If you ask me a developed country is one where people no longer know how to work together effectively.  I do not know how we survive. 

The demographic argument is that once human density was sufficient to allow big populations, there were more ideas in circulation and the populations were in contact so ideas could spread and instead of progress going by fits and starts it proceeded inexorably.  Really?  It took a hundred thousand years for the population to grow?  Three thousand generations?  That’s not even plausible.  A reproductive rate of 3.5 surviving children per woman would have doubled the population every 20 generations.  The planet would have been buried under a seething mass of human flesh. 

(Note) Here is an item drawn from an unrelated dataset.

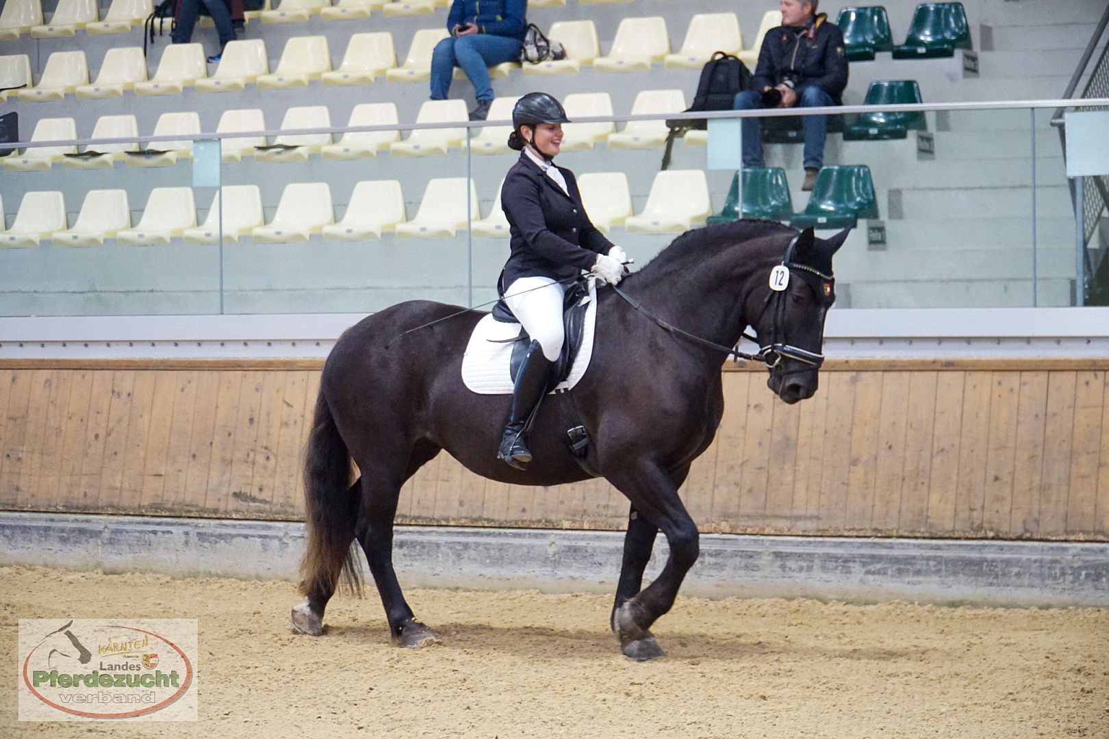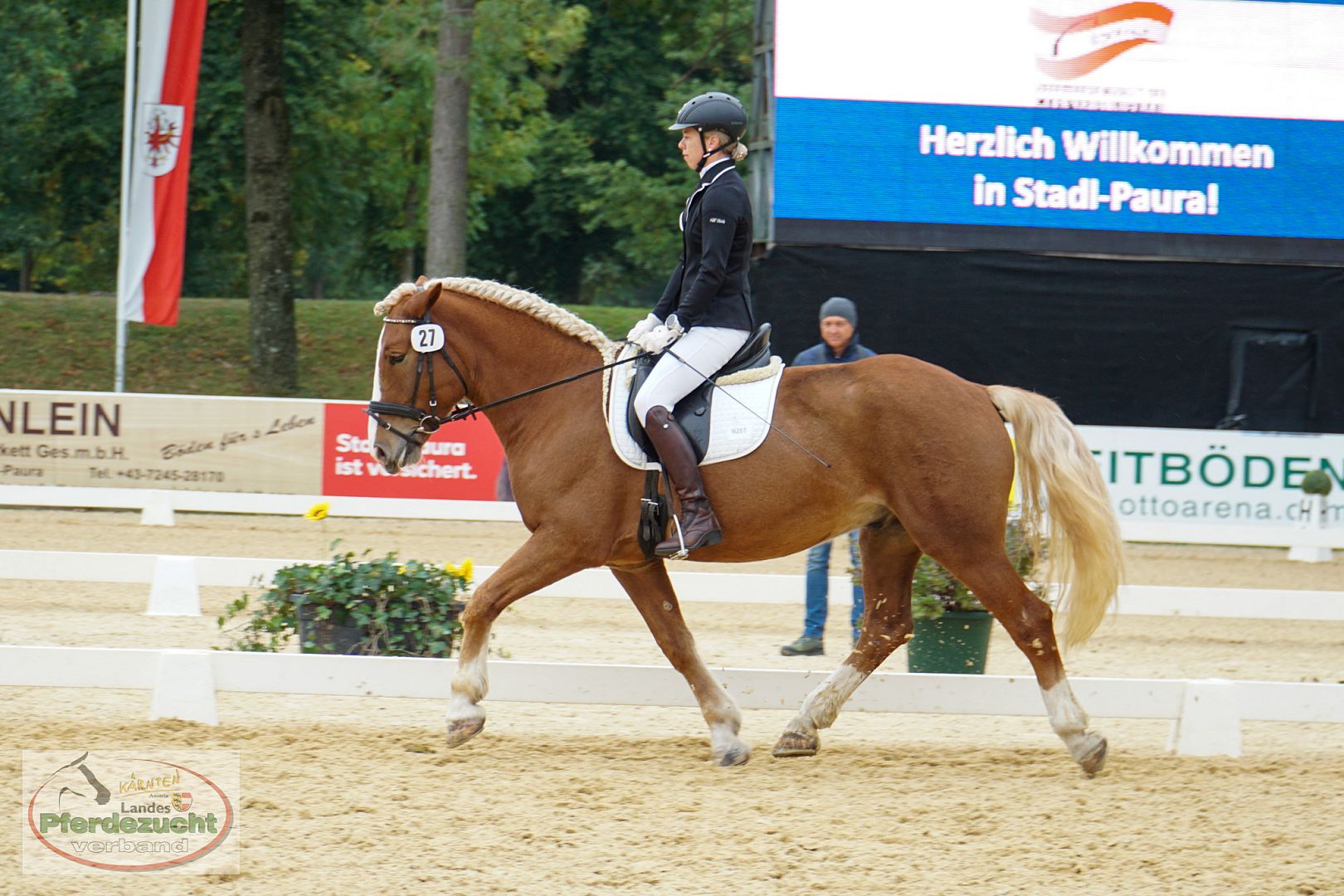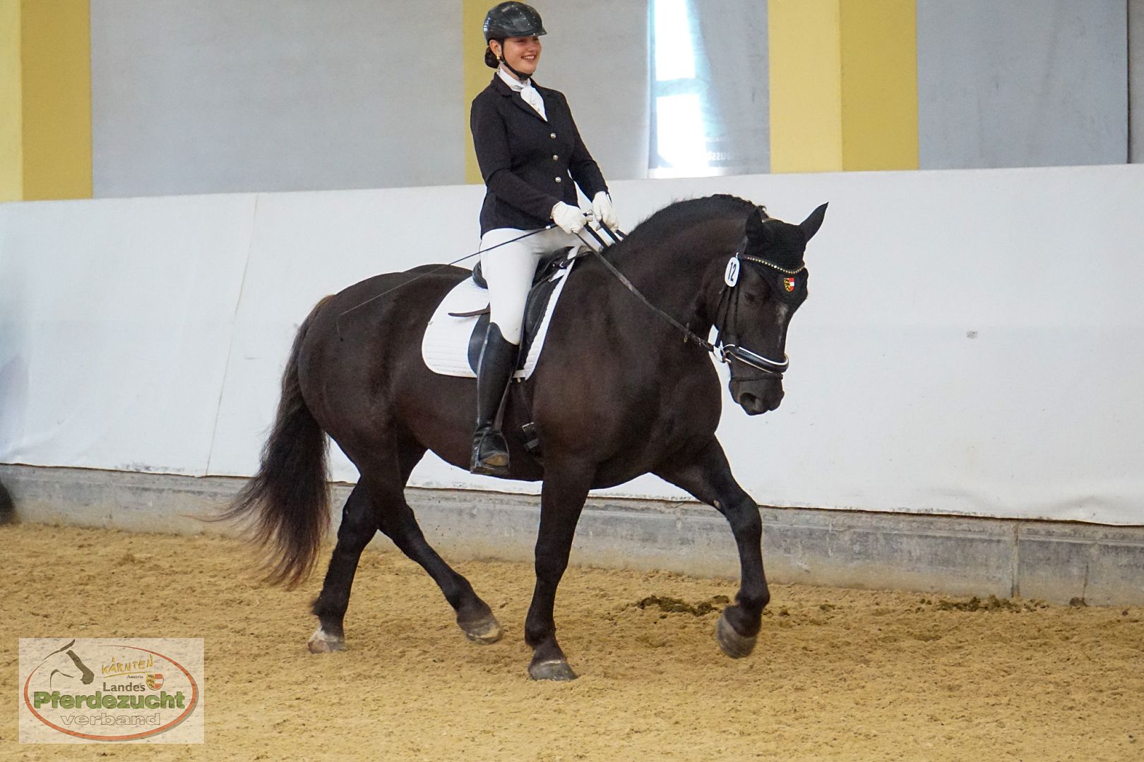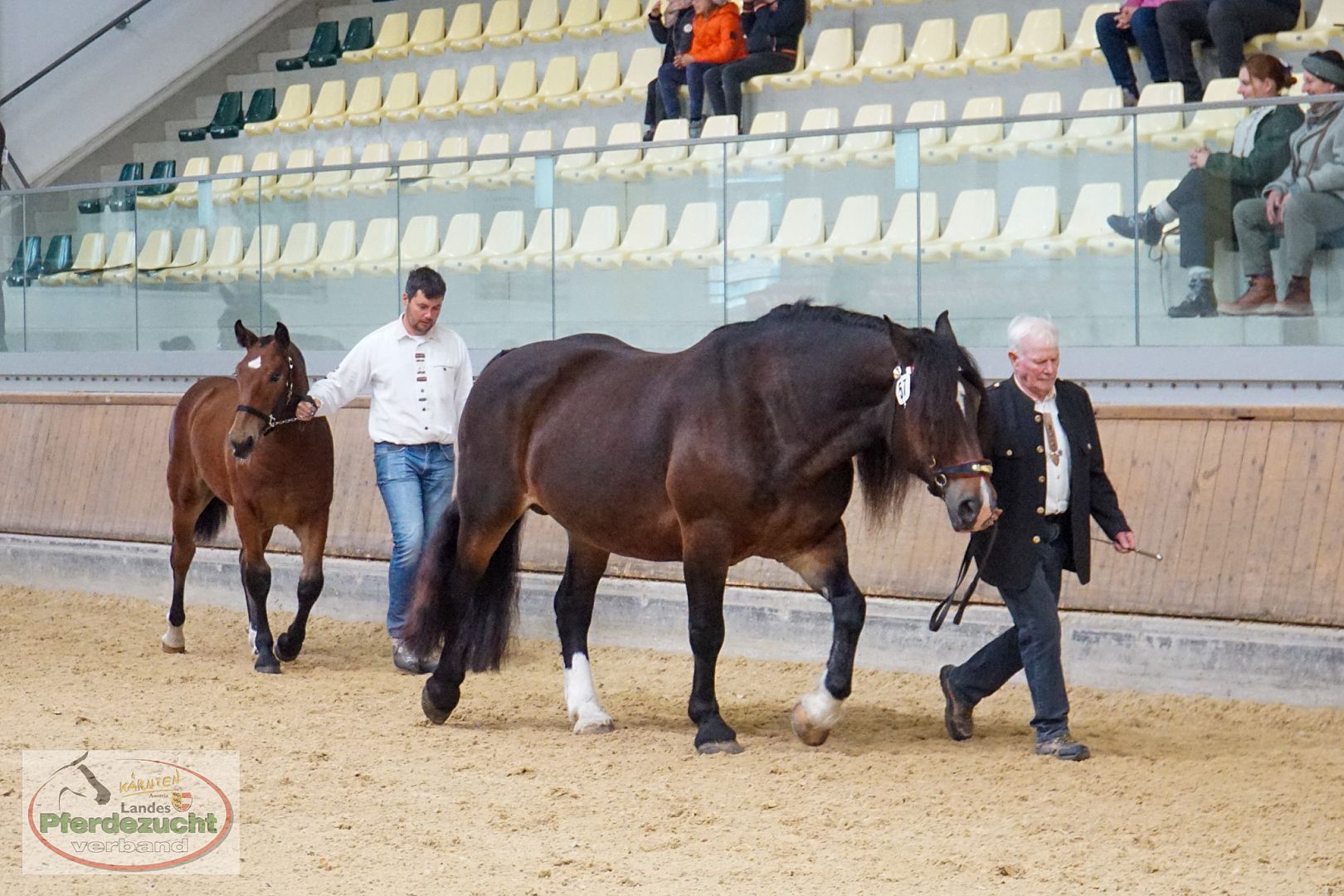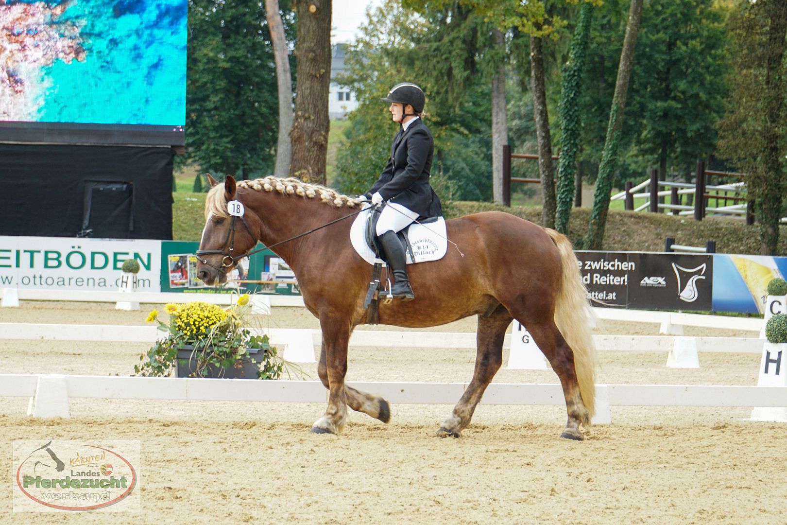 Den dritten Platz in dieser Klasse sicherte sich eine junge Stute aus Kärnten. Die Lehmfuchsstute Rabea nach Granat Diamant XVII aus der Verbandsprämienstute Ravenna nach Baron Nero XIV wurde gezüchtet und steht auch im Besitz von Silvia Gastager, Nötsch. Eindrucksvoll präsentiert wurde die rittige Stute von ihrer Tochter Alexandra Gastager. Für dieses harmonische Paar gab es nur Einzelnoten von 8,0 und mehr! Rabea präsentierte sich immer konzentriert und dafür gab es neben der 2. Bundesreservesiegerschärpe auch die gute Wertnote von 8,10.

Of course the hooker is that if you have a population of randomly mating people that approaches 1,000 it will soon crash, taking any innovation with it.  That’s where all those Paleolithic innovations went; they went the way of civilizations throughout history.  The social innovation was somehow to respect differences.  Then things could happen.

There is a line of reasoning that supports this.  In Europe by 40 thousand years ago they were making musical instruments, fabulous cave paintings and figurines, things you could sell new for good money today.  Advances had been made in Africa earlier, but they looked like things you might throw out were they new.  So given a nice head start, why did not Africa outperform Europe in this regard? 

It’s because Africa is nicer.  Europe is made of peninsulas separated by mountain ranges.  There is regular rain so there is no need to travel far to seek food.  It is inherently divided.  Africa away from impenetrable jungle and fearsome desert invites the long trek.  If you don’t travel, you don’t screw up your social pool so fast and your culture survives longer and goes farther. 

One robin does not make a spring, but the second harbinger has to be taken seriously.  70 thousand years ago in Africa they learned to make glue to fasten arrowheads to the shafts.  Neanderthals had been doing that for 200 or 300 thousand years, since before there were even modern humans.  But they only did it in Europe.  So there is nothing genetic about Europeans that makes them any more special than anybody else.  Those Neanderthals left no descendants.  (The Neanderthal genes those of us from outside Africa carry apparently came from the Mid East.)  What the Neanderthals that invented glue had was European geography.